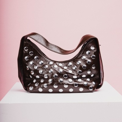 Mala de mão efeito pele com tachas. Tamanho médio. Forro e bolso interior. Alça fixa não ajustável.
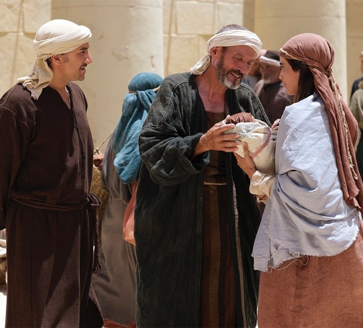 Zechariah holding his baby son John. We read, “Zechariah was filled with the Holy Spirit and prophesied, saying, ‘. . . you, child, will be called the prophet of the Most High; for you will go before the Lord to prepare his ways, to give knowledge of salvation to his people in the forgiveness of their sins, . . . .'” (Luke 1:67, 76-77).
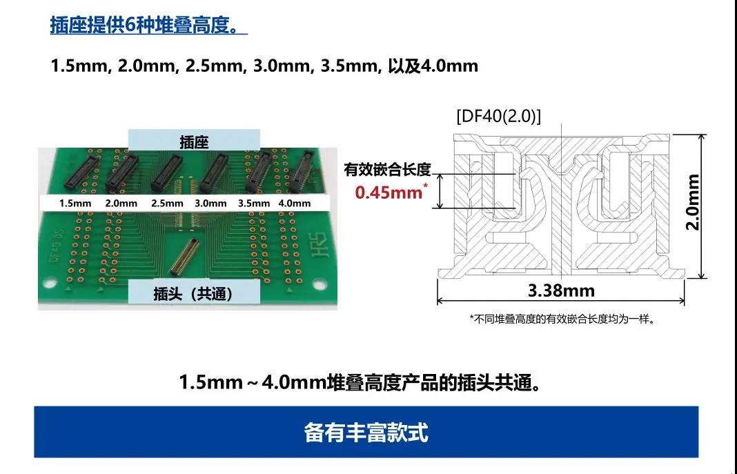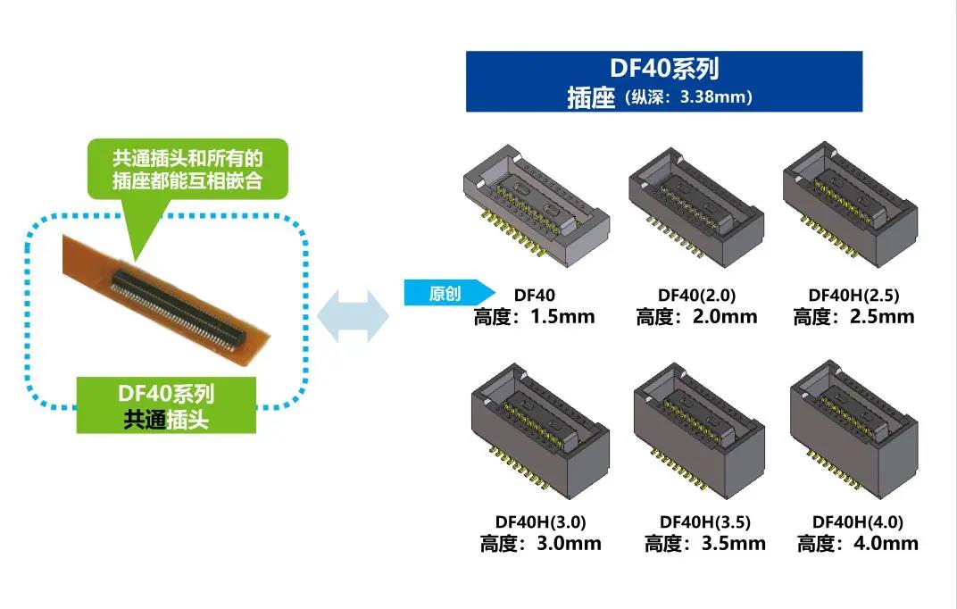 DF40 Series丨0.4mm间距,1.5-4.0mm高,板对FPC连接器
==
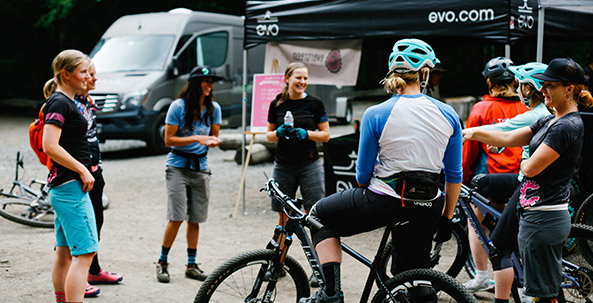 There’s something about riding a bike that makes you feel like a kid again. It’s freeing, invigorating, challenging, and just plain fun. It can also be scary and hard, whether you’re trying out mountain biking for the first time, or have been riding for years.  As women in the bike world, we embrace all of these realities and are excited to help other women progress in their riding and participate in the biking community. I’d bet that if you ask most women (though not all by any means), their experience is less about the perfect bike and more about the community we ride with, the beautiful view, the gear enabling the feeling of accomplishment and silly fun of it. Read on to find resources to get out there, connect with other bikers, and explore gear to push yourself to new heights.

- **What needs to be done**: Copy everything above from the line holding "Mala de mão" down to the line holding "DF40 Series丨0.4mm间距,1.5-4.0mm高,板对FPC连接器", both ends included, exactly as it stands and without the pictures.

- **Output**:
 Mala de mão efeito pele com tachas. Tamanho médio. Forro e bolso interior. Alça fixa não ajustável.
 Zechariah holding his baby son John. We read, “Zechariah was filled with the Holy Spirit and prophesied, saying, ‘. . . you, child, will be called the prophet of the Most High; for you will go before the Lord to prepare his ways, to give knowledge of salvation to his people in the forgiveness of their sins, . . . .'” (Luke 1:67, 76-77).
 DF40 Series丨0.4mm间距,1.5-4.0mm高,板对FPC连接器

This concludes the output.